Entries taken from a collection
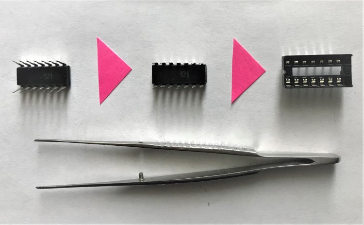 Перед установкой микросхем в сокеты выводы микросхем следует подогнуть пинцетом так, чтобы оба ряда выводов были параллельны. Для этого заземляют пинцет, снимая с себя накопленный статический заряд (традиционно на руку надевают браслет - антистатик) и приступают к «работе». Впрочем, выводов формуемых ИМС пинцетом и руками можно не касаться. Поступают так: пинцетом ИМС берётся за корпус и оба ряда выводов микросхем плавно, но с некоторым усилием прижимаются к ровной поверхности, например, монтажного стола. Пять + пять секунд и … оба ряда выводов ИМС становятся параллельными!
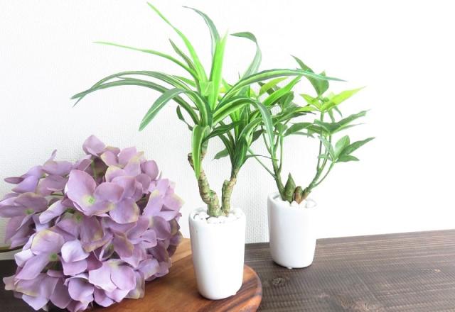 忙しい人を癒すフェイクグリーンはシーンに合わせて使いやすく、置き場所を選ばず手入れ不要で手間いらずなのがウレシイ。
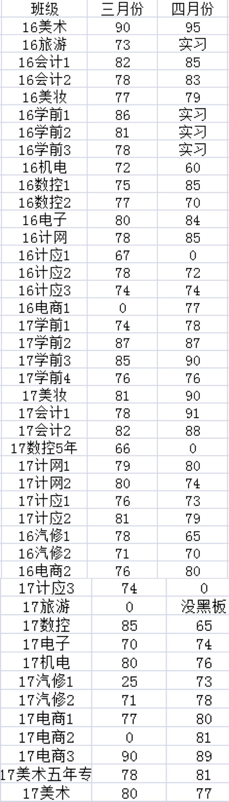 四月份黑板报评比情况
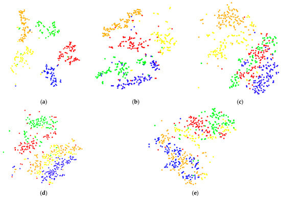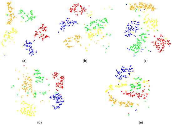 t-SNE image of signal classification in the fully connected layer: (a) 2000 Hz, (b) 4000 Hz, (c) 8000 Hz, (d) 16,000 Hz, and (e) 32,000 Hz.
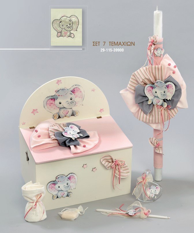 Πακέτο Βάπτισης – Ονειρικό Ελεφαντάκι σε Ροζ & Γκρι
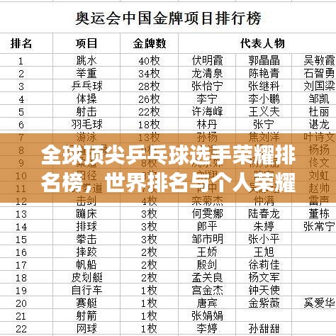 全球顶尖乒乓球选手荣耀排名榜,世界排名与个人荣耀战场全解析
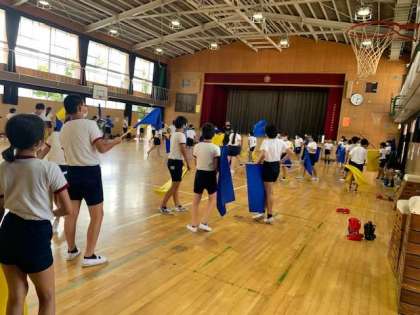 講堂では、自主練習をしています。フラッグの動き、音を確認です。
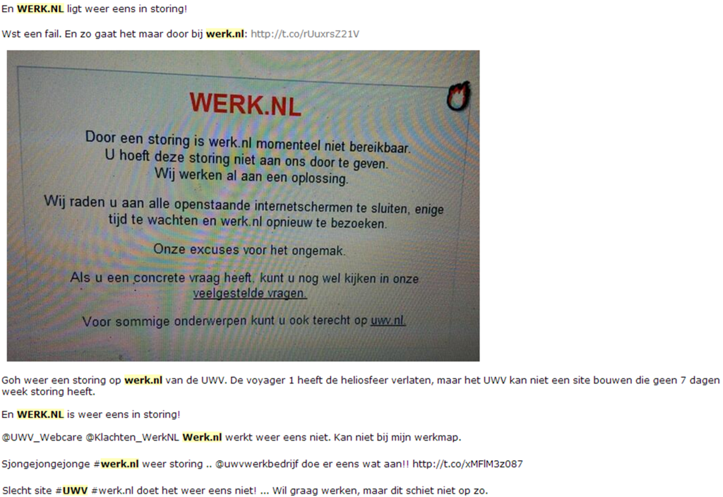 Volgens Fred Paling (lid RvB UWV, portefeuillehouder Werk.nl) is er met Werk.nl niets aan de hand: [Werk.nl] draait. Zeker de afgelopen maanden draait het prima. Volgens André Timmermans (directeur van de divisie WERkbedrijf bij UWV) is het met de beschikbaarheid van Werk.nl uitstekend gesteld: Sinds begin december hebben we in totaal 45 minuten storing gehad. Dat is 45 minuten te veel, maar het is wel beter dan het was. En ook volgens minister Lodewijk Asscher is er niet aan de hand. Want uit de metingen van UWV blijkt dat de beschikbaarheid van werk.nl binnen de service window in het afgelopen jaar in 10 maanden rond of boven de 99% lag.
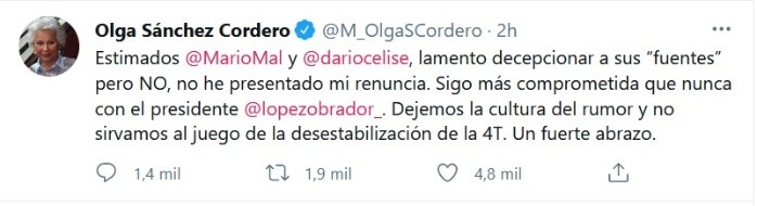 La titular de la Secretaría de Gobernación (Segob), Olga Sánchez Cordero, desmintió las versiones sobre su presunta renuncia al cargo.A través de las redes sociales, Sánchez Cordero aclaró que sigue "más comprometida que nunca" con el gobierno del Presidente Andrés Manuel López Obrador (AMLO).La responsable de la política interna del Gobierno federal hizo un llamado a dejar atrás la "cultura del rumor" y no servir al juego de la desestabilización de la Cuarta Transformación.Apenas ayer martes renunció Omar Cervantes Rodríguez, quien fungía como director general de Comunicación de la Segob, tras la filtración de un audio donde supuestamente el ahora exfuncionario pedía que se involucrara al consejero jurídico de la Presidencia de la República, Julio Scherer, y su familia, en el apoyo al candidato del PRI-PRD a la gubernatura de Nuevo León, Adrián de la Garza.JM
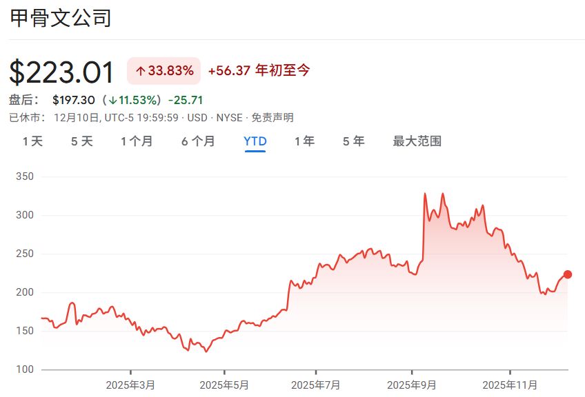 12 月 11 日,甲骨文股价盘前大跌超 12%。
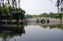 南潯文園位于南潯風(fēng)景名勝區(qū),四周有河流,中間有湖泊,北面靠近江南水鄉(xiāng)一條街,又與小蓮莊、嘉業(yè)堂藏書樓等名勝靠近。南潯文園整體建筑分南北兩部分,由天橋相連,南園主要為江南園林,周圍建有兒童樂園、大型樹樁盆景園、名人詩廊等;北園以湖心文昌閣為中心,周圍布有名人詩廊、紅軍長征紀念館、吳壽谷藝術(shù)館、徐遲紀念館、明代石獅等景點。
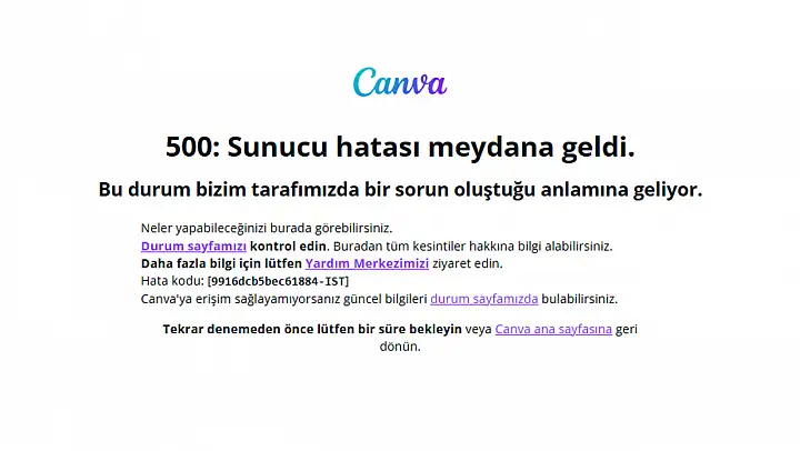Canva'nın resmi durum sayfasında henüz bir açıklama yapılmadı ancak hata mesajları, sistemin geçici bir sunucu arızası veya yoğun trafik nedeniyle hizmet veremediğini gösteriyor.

— THE TASK —
Retype the entries above word for word, minus any images.

— RESPONSE TO THE TASK —
 Перед установкой микросхем в сокеты выводы микросхем следует подогнуть пинцетом так, чтобы оба ряда выводов были параллельны. Для этого заземляют пинцет, снимая с себя накопленный статический заряд (традиционно на руку надевают браслет - антистатик) и приступают к «работе». Впрочем, выводов формуемых ИМС пинцетом и руками можно не касаться. Поступают так: пинцетом ИМС берётся за корпус и оба ряда выводов микросхем плавно, но с некоторым усилием прижимаются к ровной поверхности, например, монтажного стола. Пять + пять секунд и … оба ряда выводов ИМС становятся параллельными!
 忙しい人を癒すフェイクグリーンはシーンに合わせて使いやすく、置き場所を選ばず手入れ不要で手間いらずなのがウレシイ。
 四月份黑板报评比情况
 t-SNE image of signal classification in the fully connected layer: (a) 2000 Hz, (b) 4000 Hz, (c) 8000 Hz, (d) 16,000 Hz, and (e) 32,000 Hz.
 Πακέτο Βάπτισης – Ονειρικό Ελεφαντάκι σε Ροζ & Γκρι
 全球顶尖乒乓球选手荣耀排名榜,世界排名与个人荣耀战场全解析
 講堂では、自主練習をしています。フラッグの動き、音を確認です。
 Volgens Fred Paling (lid RvB UWV, portefeuillehouder Werk.nl) is er met Werk.nl niets aan de hand: [Werk.nl] draait. Zeker de afgelopen maanden draait het prima. Volgens André Timmermans (directeur van de divisie WERkbedrijf bij UWV) is het met de beschikbaarheid van Werk.nl uitstekend gesteld: Sinds begin december hebben we in totaal 45 minuten storing gehad. Dat is 45 minuten te veel, maar het is wel beter dan het was. En ook volgens minister Lodewijk Asscher is er niet aan de hand. Want uit de metingen van UWV blijkt dat de beschikbaarheid van werk.nl binnen de service window in het afgelopen jaar in 10 maanden rond of boven de 99% lag.
 La titular de la Secretaría de Gobernación (Segob), Olga Sánchez Cordero, desmintió las versiones sobre su presunta renuncia al cargo.A través de las redes sociales, Sánchez Cordero aclaró que sigue "más comprometida que nunca" con el gobierno del Presidente Andrés Manuel López Obrador (AMLO).La responsable de la política interna del Gobierno federal hizo un llamado a dejar atrás la "cultura del rumor" y no servir al juego de la desestabilización de la Cuarta Transformación.Apenas ayer martes renunció Omar Cervantes Rodríguez, quien fungía como director general de Comunicación de la Segob, tras la filtración de un audio donde supuestamente el ahora exfuncionario pedía que se involucrara al consejero jurídico de la Presidencia de la República, Julio Scherer, y su familia, en el apoyo al candidato del PRI-PRD a la gubernatura de Nuevo León, Adrián de la Garza.JM
 12 月 11 日,甲骨文股价盘前大跌超 12%。
 南潯文園位于南潯風(fēng)景名勝區(qū),四周有河流,中間有湖泊,北面靠近江南水鄉(xiāng)一條街,又與小蓮莊、嘉業(yè)堂藏書樓等名勝靠近。南潯文園整體建筑分南北兩部分,由天橋相連,南園主要為江南園林,周圍建有兒童樂園、大型樹樁盆景園、名人詩廊等;北園以湖心文昌閣為中心,周圍布有名人詩廊、紅軍長征紀念館、吳壽谷藝術(shù)館、徐遲紀念館、明代石獅等景點。
Canva'nın resmi durum sayfasında henüz bir açıklama yapılmadı ancak hata mesajları, sistemin geçici bir sunucu arızası veya yoğun trafik nedeniyle hizmet veremediğini gösteriyor.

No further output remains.